Sidroc drew only one beam as he crawled through the brush. It wasn’t even a near miss. He felt good at attracting so little notice. One thing the Algarvians had made very plain during these endless drills: Plegmund’s Brigade would be going where people would do their level best to kill everyone in it.
From bush to boulder to tree stump to bush to … at last, the top of the hill. Sidroc looked down at himself. He’d got filthy on the way, but he didn’t care. For one thing, that proved he was doing a good job. For another, someone else would have to wash his long tunic.
Another member of the brigade, a corporal named Waleran, emerged from cover a moment after Sidroc did. He was good; Sidroc hadn’t had the least idea he was there till he showed himself. “That’s a fine exercise,” he said, flicking a drop of sweat from the end of his nose. “They never worked us so hard in King Penda’s levy, and that’s the truth.”
“No, eh?” Sidroc said. If Waleran was a veteran, that helped explain how he’d got to be a corporal. “If they had, maybe Forthweg would’ve done better.”
“Aye, it could be so,” Waleran agreed. “It could indeed. But I’ll tell you this, boy-we’ll go through the Unkerlanters like a hot knife through butter.”
Sidroc nodded. He was sure of the same thing himself. If he’d doubted it, would he have joined Plegmund’s Brigade in the first place? He had no use for Unkerlanters, any more than he did for Kaunians or (except when it came to fighting) Algarvians or anyone else who wasn’t a Forthwegian. But he said, “King Swemmel’s in charge of an awful lot of butter.”
“Well, what if he is?” Waleran said scornfully. “We’ll just have more to go through, that’s all. And I’ll tell you something else, too.” He waited till Sidroc leaned toward him, then went on, “I don’t think it’ll be long before we get the chance, either.” Sidroc clapped his hands together. He could hardly wait.
Some of the farms around the village of Pavilosta had a new hand or two working on them. Merkela’s did. As for Skarnu, he was glad to have extra help, and especially glad the help came from Forthwegian Kaunians who’d been on their way to almost certain destruction.

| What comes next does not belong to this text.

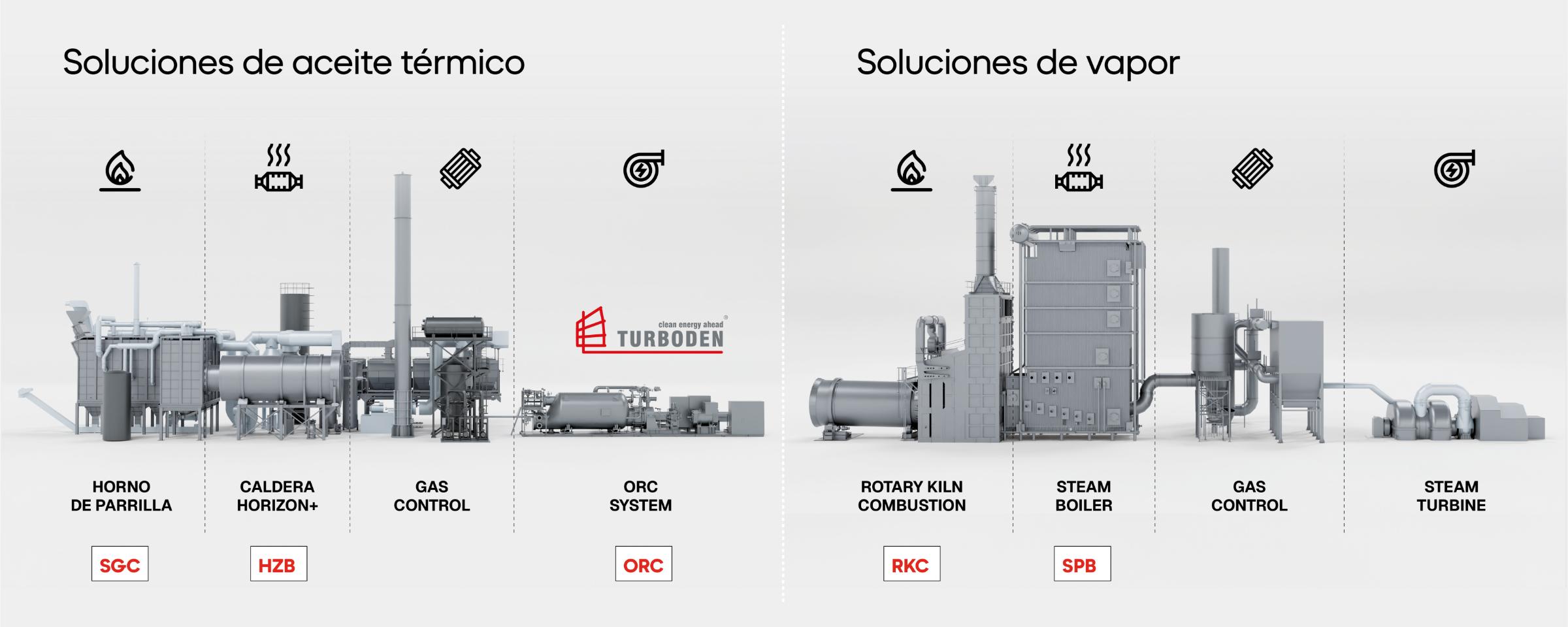 • BIO (Biomasa y fracción orgánica recuperada): soluciones diseñadas para industrias con residuos susceptibles de aprovechamiento energético. Mediante tecnología puntera, estas plantas logran la combustión de combustibles complejos (hasta un 50% de ceniza y 70% de humedad), transformando la biomasa en un recurso energético estable para industrias papeleras, químicas y madereras.

These days, Raunu slept downstairs in the farmhouse, leaving the barn for Vatsyunas and Pernavai, a husband-and-wife pair who’d managed to stay together when the ley-line caravan carrying them got wrecked. “You’ll have to find yourself a lady friend, too,” Skarnu teased him one day while they were weeding together. “Then you’ll have somewhere better to sleep than a rolled-up blanket in front of the fire. Powers above, if I managed to find somebody, cursed near anyone can.”